Region-wide needle tip browning on red pine

Typical appearance of needle tip browning on lower portion of red pine crowns

Red pine with needle tip browning on the lower crown. Photo: Paul Cigan

By Paul Cigan, forest health specialist, Hayward.; 715-416-4920

Although no tree mortality is associated with the condition, widespread needle tip browning on red pine has been observed for the second consecutive year across much of the upper Great Lakes region. The condition is heavier in some places than others, but once in a stand or location, tends to be evenly distributed. Needle tip browning is common on the lower half of mature red pine crowns. On two- to three-year-old needles, the outer half to three-quarters of the needles appear reddish brown to straw-colored while needle bases remain green. Black or dark brown necrotic bands and spots are often present on symptomatic needle tips. Lower crown thinning is also common on symptomatic pine. Newly impacted needles will gradually lighten in color from reddish brown to straw-colored as dead needle tips dry out through the growing season.

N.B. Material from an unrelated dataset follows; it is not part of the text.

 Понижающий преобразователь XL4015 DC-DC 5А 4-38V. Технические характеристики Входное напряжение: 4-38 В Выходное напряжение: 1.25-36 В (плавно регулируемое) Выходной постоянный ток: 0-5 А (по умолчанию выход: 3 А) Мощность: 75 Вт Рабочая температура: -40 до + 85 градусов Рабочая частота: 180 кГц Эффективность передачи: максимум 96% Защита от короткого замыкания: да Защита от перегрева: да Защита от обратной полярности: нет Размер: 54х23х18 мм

Needle tip browning on two-year-old red pine needles

Banding and tip browning of red pine needles. Photo: J. Van Cleve, USFS

Note: Winter browning on most conifer species, generally a result of winter injury and drying, is also visible this spring, but is primarily abiotic in nature and considered a different issue.  Make sure to see this month’s winter browning article.   

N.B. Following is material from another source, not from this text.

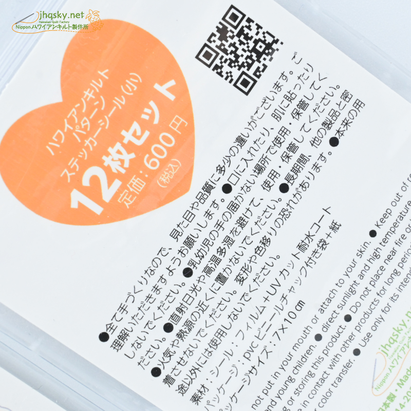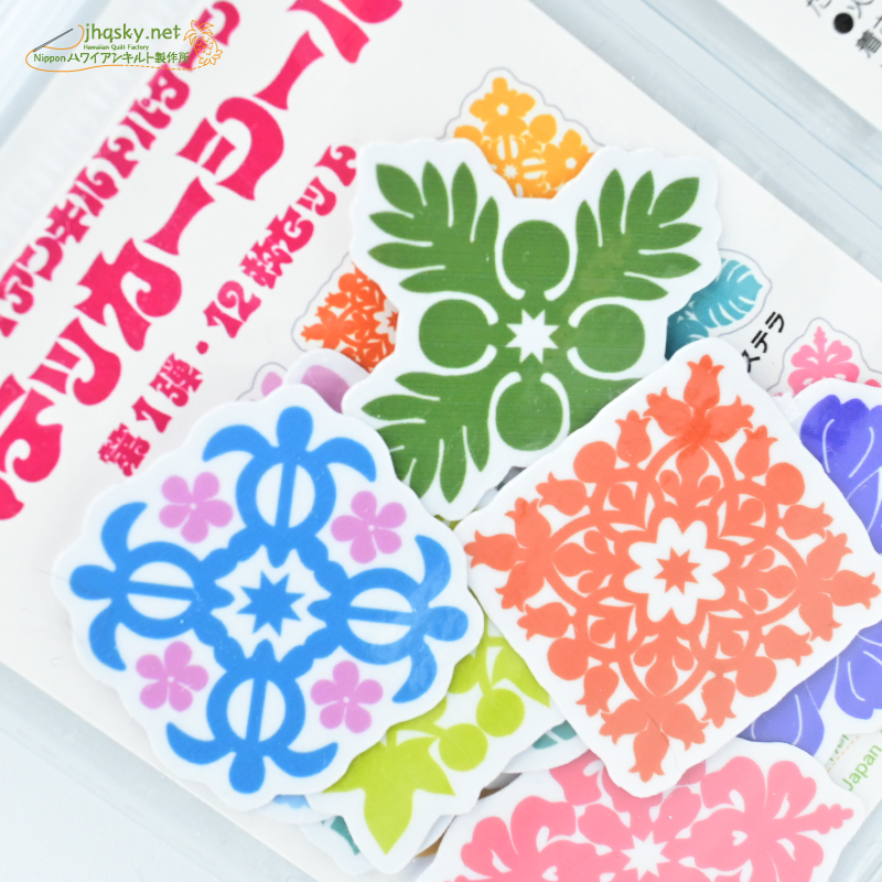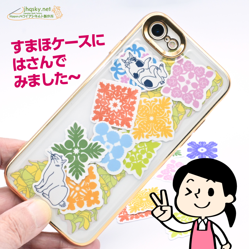 ステッカーもシールもUVカット・耐水なので、屋外でも使えます。スマホのデコレーションやタンブラー、ボトルなどに貼ってお楽しみください。価格はシールが12枚セットで600円(税込・何度も言います)日本ハワイアンキルト製作所サイトのみで売ってます。多くの方にご利用いただけると嬉しいです。ぜひともよろしくお願いします。

The causes and potential health impacts of needle tip browning on red pine were investigated last year by DNR forest health staff and USFS partners, but site evaluations and lab analyses failed to provide conclusive answers. Fungal fruiting structures and spores of the needle cast disease Lophodermium seditiosum were found on some needles, but the pathogen is considered weak and tends to colonize needles that are already dead. Weather conditions in northern Wisconsin from 2012 to 2017 were wetter than normal, creating conditions favorable to the development of numerous needle and shoot blight diseases. However, red pine needles can also be damaged by fluctuating warm and cold weather which leads to needle desiccation, a conspicuous “stand alone” condition of nearly all conifer species this spring. 

Banding and tip browning of red pine needles.

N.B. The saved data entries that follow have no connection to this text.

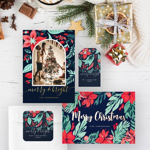 クリスマスウォーターカラーレッドボタニカルブルーホリデー サテンリボン
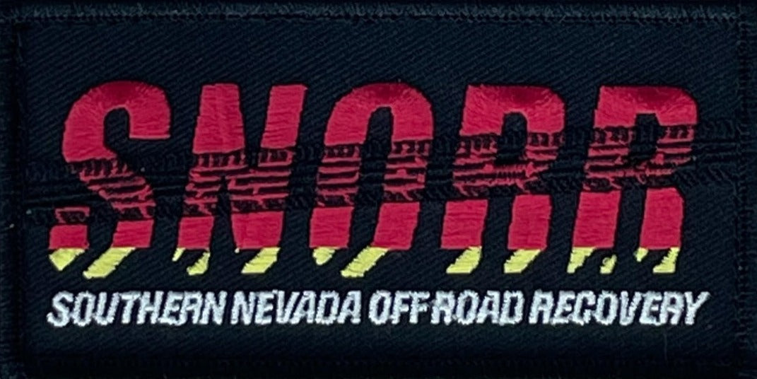 SNORR Logo Patch with hook and loop back for attaching to apparel, shirts, hats, backpacks, etc. Comes with hook and loop back on patch and opposite side hook and loop piece if you would like to sew it on to you own apparel.
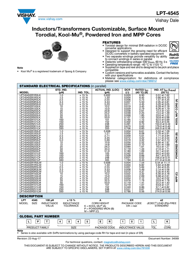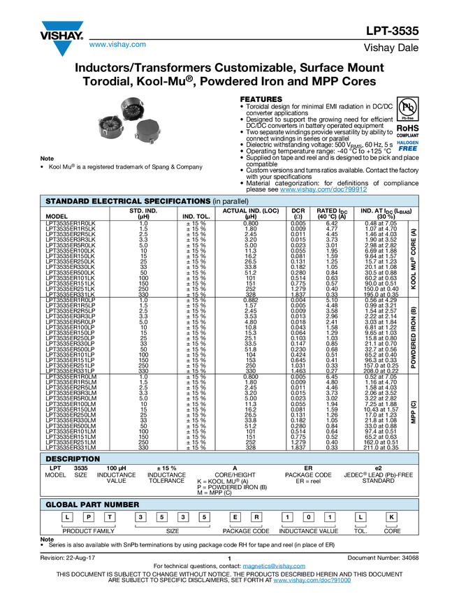 Inductors/Transformers Customizable, Surface Mount Torodial, Kool-Mu&#174;, Powdered Iron and MPP Cores
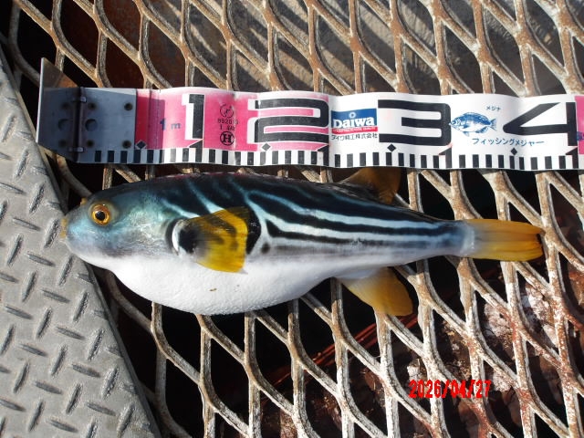 持ち込んだアジの泳がせでシマフグが釣れました。

Red pine twig expressing tip browning symptoms. Photo: Paul Cigan

At present, there is not enough information available to determine whether this region-wide episode of red pine needle tip browning is caused by wet weather aggravating one or several needles diseases, weather-related tissue injury, or a combination of both.  It is likely that needle casting in the lower crown associated with this condition will reduce leaf area and productivity and may lead to tree stress over time. Follow-up monitoring this season will hopefully provide additional answers on potential causes and impacts on tree health.

Please report red pine needle browning to your local DNR forester and regional forest health specialist so the extent of this condition can be tracked. This information will help determine if sites should be further evaluated for forest health considerations.